This time with a record number of big-fat marriages, 3.8 million, being reportedly planned in the country, I’m alone in my apartment feeling lonely and out of place. (Pexels)
New DelhiJan 1, 2025 13:31 IST First published on: Jan 1, 2025 at 13:31 IST
At the ladies’ sangeet at my cousin’s wedding, the groom’s family was seated on patras with obscenely large gold-plated dishes in front of them as ‘Damadji angana hai padhare’ played in the background. A limping bride’s mother, an ophthalmologist by profession, served them food, while the mama (uncle), a physician, fanned and swatted flies for them. None of the guests were allowed to eat until the groom’s side burped. It didn’t help that the bride and groom were also doctors.
I ranted against the regressive state of affairs to my father — the only person whom I thought would understand — but he lashed out at me. Brought to tears, I decided to leave the ceremony — and not show up to the wedding the next day.
That was the first time I chose to stay away from a wedding ceremony.

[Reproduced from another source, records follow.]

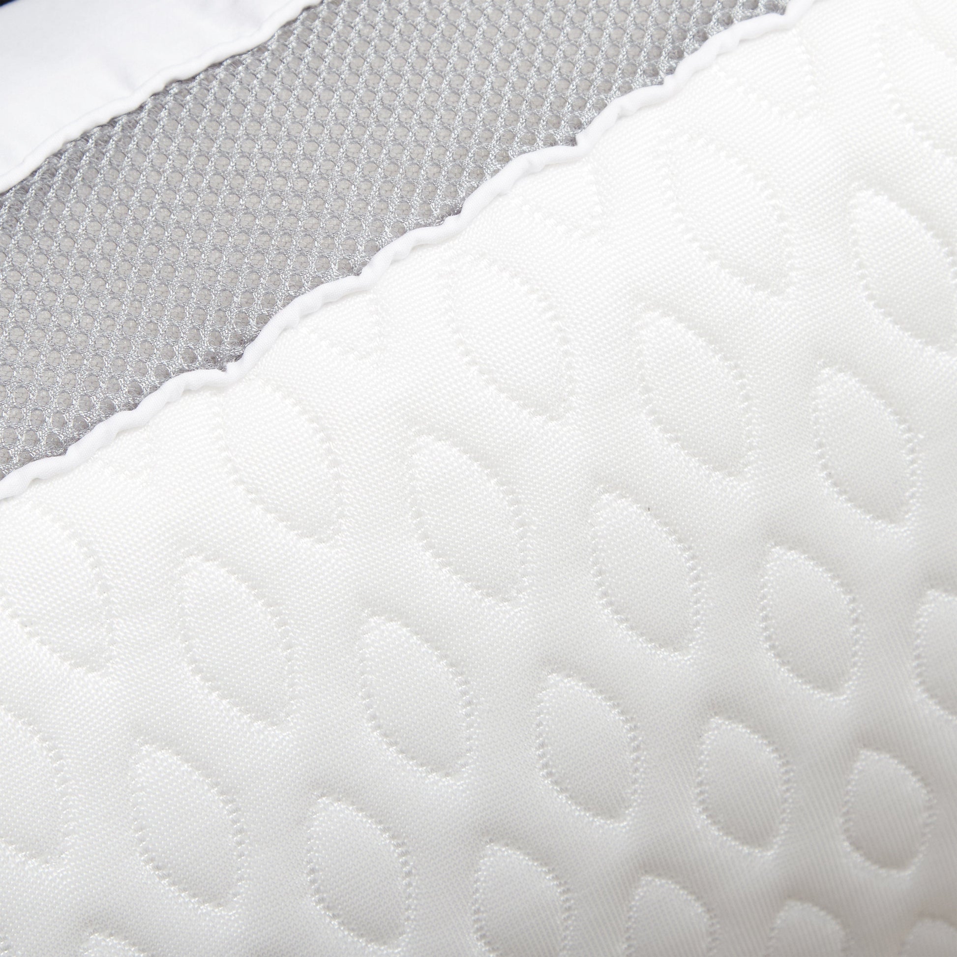 The Air Flow Pillow features a sophisticated white design with elegant piping along the edges, offering a clean and timeless aesthetic that complements any bedroom décor.
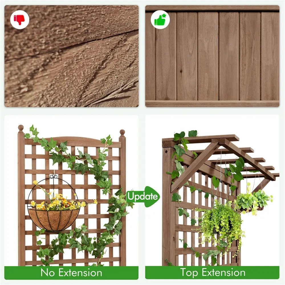 8. Extended Trellis Roof: The trellis features a unique roof design, perfect for supporting vine plants and hanging baskets.
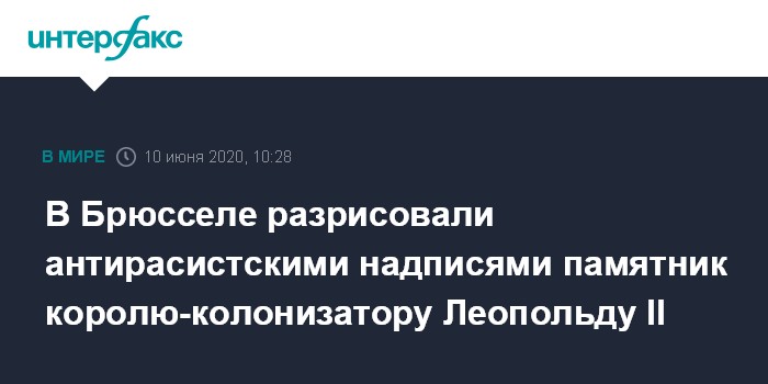 Москва. 10 июня. INTERFAX.RU - Очередное скульптурное изображение бельгийского короля Леопольда II, правление которого (1865-1909 гг.) связано с чрезвычайно жестокой колониальной политикой в Африке, подверглось осквернению.
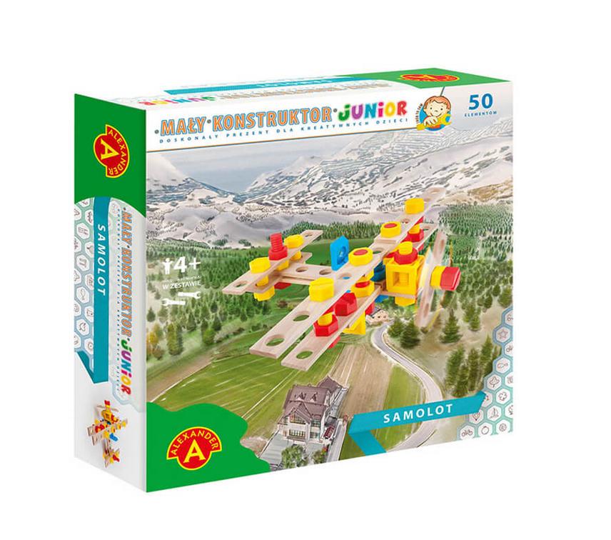 Ponadczasowa zabawka do samodzielnego montażu skierowana do dzieci w wieku od 4 lat. Zestaw składa się z drewnianych deseczek z dziurkami oraz kolorowych śrubek i łączników z tworzywa. Duże rozmiary elementów oraz uproszczona konstrukcja sprawiają, że dzieci już od najmłodszych lat mogą próbować sił w składaniu pierwszych pojazdów. Zabawka jest trwała i po złożeniu pojazd może służyć do dalszej zabawy. Zestaw wyposażony jest w narzędzia idealnie dopasowane do małych rączek, dzięki którym malec może wielokrotnie skręcać i rozkręcać konstrukcję. Zabawka wspaniale wpływa na rozwój motoryki małej, rozwija cierpliwość oraz stymuluje wyobraźnię. Doskonale wspomaga naukę kolorów oraz liczenia. Wyjątkowa estetyka produktu i jakość wykonania umilają zabawę. Wszystkie komponenty wchodzące w skład produktu wytwarzane są w fabryce Alexandra.
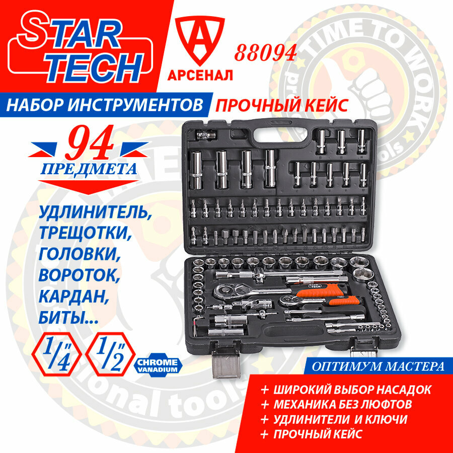 Отзывы на Набор инструментов 94 предмета StarTech 1/2" и 1/4" (головки торцевые, биты), ST88094
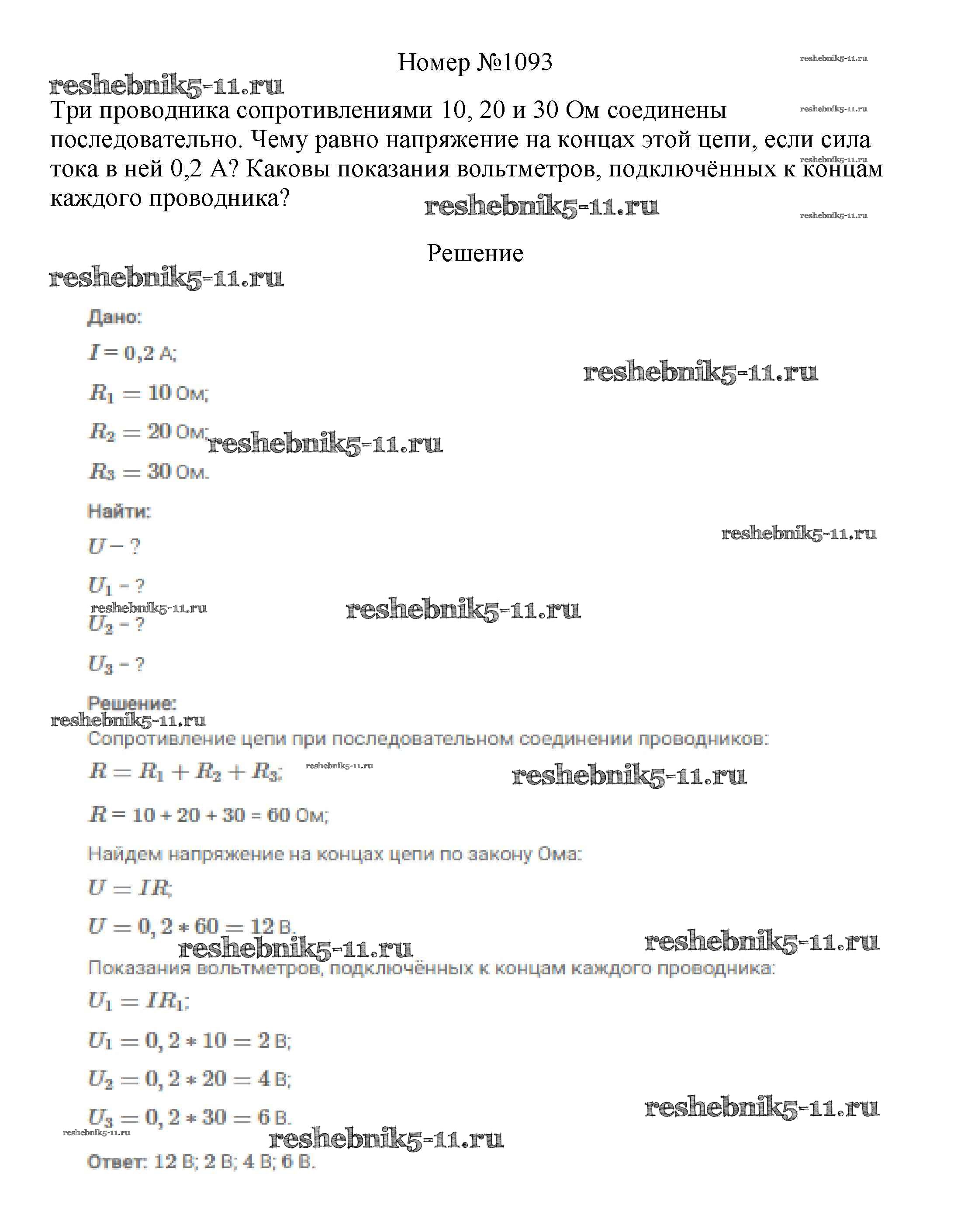 Готовая домашняя работа с ответами по Физике за 7, 8, 9 класс Марон, Позойский Сборник вопросов и задач Вертикаль Дрофа 2013 ФГОС - 8 класс 1093
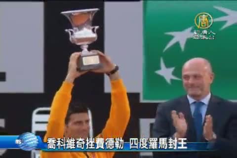【新唐人亞太台 2015 年 05 月 18 日訊】國際體壇消息,現任世界男網第一的喬科維奇17日,以6-4、6-3的比數,擊敗前任冠軍費德勒,奪下義大利公開賽男單冠軍,這也是兩人第39次大戰;而在女單方面,俄國人氣美女莎拉波娃後勁十足,第3度在此風光封后;也為下禮拜的法網賽事,帶來好兆頭。

When I was a child, weddings were an occasion to snack, wear snazzy clothes, and check in on relatives. But suddenly, the charm of weddings faded when I realised how one’s potential is bartered away for conformity and comfort. Being of marriageable age with an MBBS has started talks of suitable matches for me. “The next big event in our family will be your marriage,” one of my aunts told me. “Settle down at the right age. Your parents need to play with their grandchildren.”

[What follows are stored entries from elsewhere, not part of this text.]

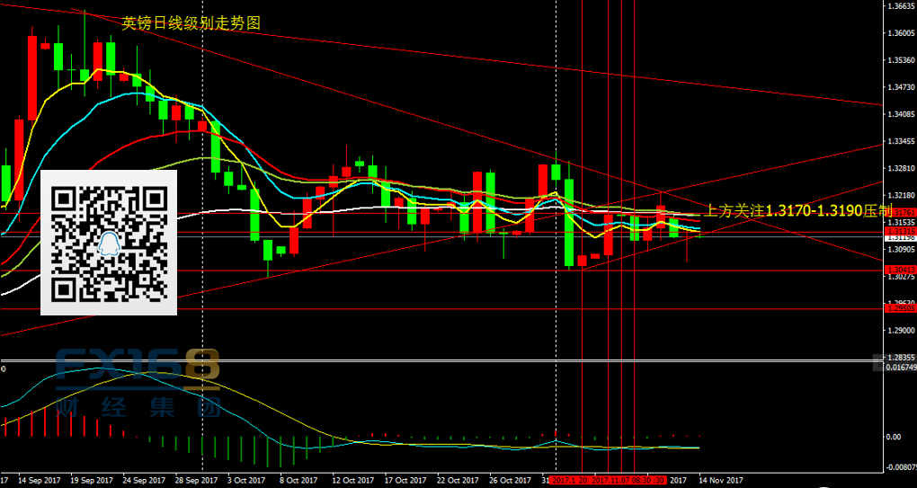英镑兑美元:日线看,昨日英镑下探1.3160后快速反弹,尾盘收出十字阳线。目前价格上方趋势线压制、日线60期均线、4H60期均线压制较强,做多风险较大;而下方1.3060这一位置不破,英镑大幅下跌也难实现。操作上,目前多空都以短线为主,激进者关注价格反抽1.3170-1.3190附近的小仓做空机会,止损30点,目标1.3060,稳健者暂时观望,待价格下破1.3050后再行操作。
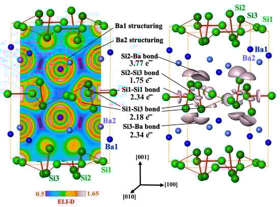 Electron localizability indicator and atomic interactions in BaSi3: (left) distribution of ELI-D in the (200) plane reveals structuring of the penultimate shells of Ba1 and Ba2 as well the Si1-Si1 bonds; (right) the isosurface of ELI-D for the value of 1.5 shows Si1-Si1, Si1-Si3 and Si2-Si3 bonds as well as the five-atomic bonds Si2Ba4 and Si3Ba4.
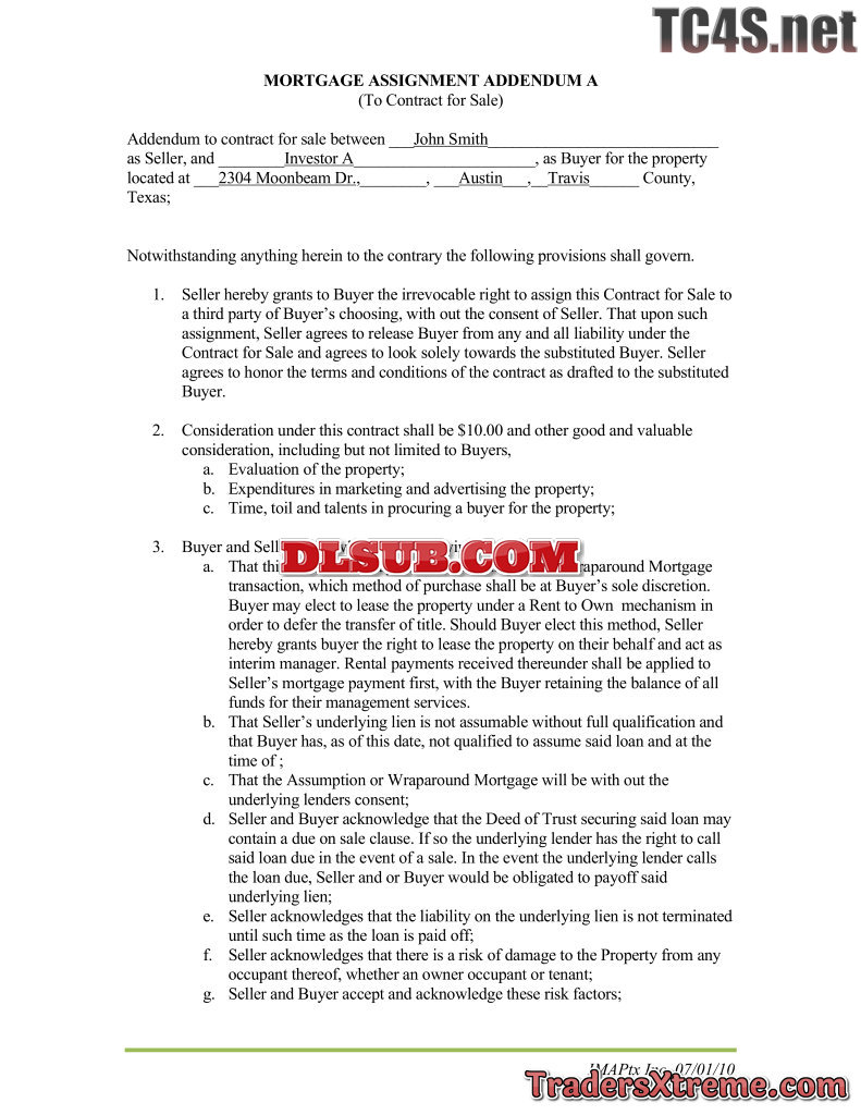 Mortgage Assignment Addendem New - JPG Image File
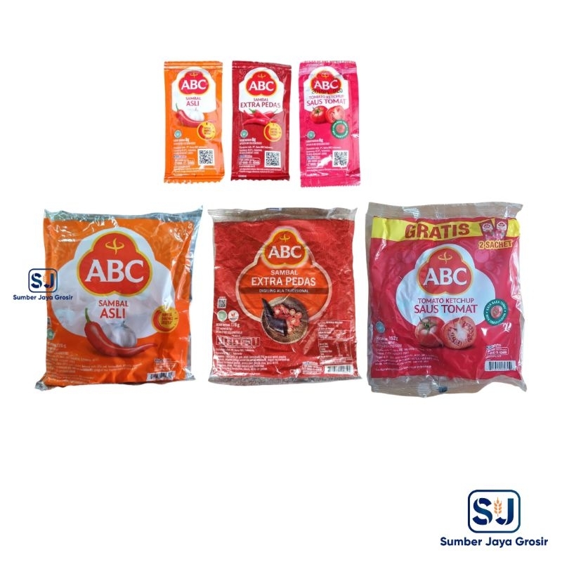 SAUS ABC SACHET RASA TOMAT, SAMBAL ASLI, DAN EXTRA PEDAS 8 GR X 22'S
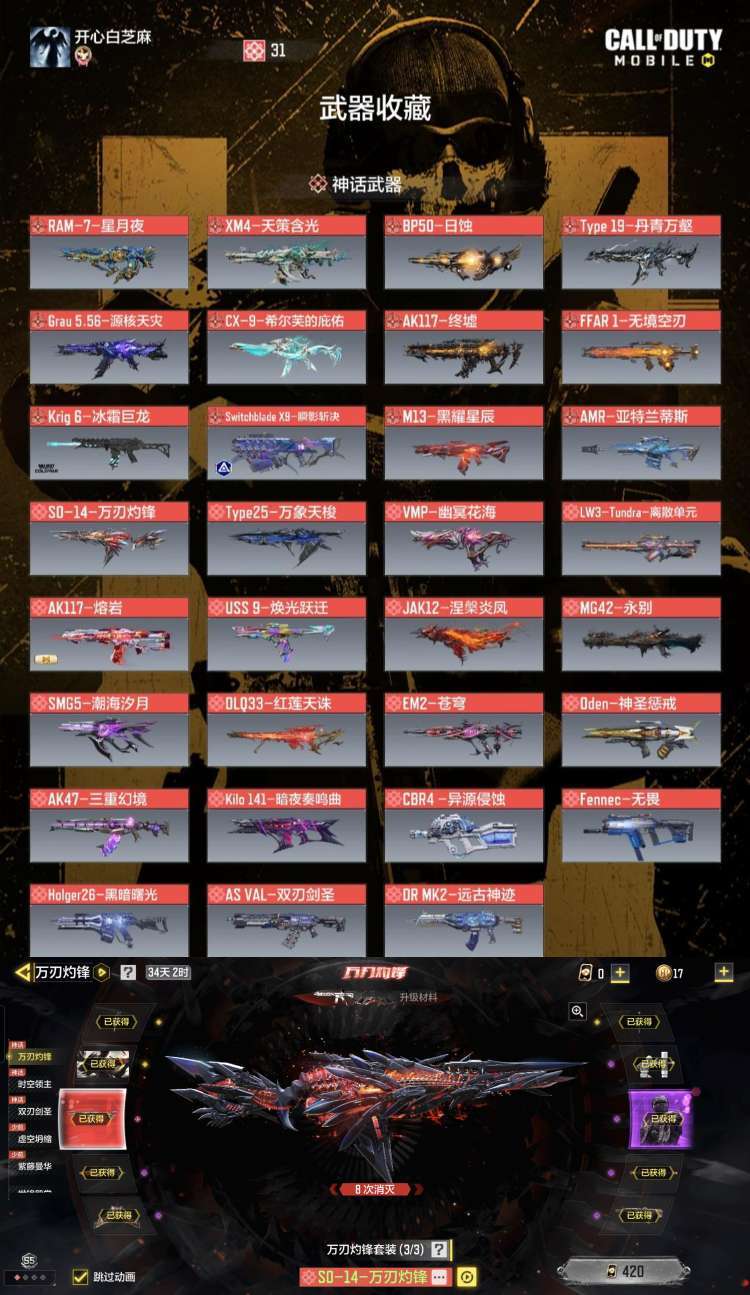 满级万刃灼锋万象天梭星月夜♥全33神话满级精品105橙雪林动能战神♥满级天策离散焕光日蚀永别丹青

Not that these “pieces of wisdom” haven’t been flung at me earlier. I would just paste a smile on my face and nod a lot — like a battery-operated toy. This time, even as I fobbed off my aunt in the same way, I felt a sinking feeling in my chest. A sudden realisation that the normal, accepted path of marriage and kids might never be on the cards for me filled me with a strange uneasiness.
This time with a record number of big-fat marriages, 3.8 million, being reportedly planned in the country, I’m alone in my apartment feeling lonely and out of place. I can hear snatches of the shrill sounds of bugles, the pandemonium of the baaraat and cackles of laughter from aunts. I feel restless: I can never have that pie of happiness called marriage.
The desire to live life in one’s own way comes at loggerheads with the prescribed way in these moments. This doesn’t have much to do with the legal state of affairs in the country regarding queer marriages than my firm belief in non-conformism.
One can’t think of having a “bouquet of [social, political, economic] rights” without getting assimilated into a dominant, heteropatriarchal system that tends to uphold the status quo and marginalise all those who don’t follow its whims and fancies.
We seldom talk about the loneliness that comes as a necessary accompaniment to walking against the flow. The constant unmooring that one experiences during ‘Ekla chalo re’ can tire anyone easily. But finding a community of like-minded people can turn out to be an equally exhausting process. In a capitalist world, communities are formed based on what one owns rather than what one thinks. Not to mention elitist queer communities where sexual proclivities seem to be the only binding glue. It is perhaps this promise of an easy belonging that fixates me on marriage. But would that ever be enough for me?
These stressful moments of self-doubt shed light on the years of conditioning that I’ve absorbed as a sponge. It tells me about the seductive charm of conformity. How my brain is like the current flowing in A wire, always bypassing chaos to take the easiest and surest path towards comfort.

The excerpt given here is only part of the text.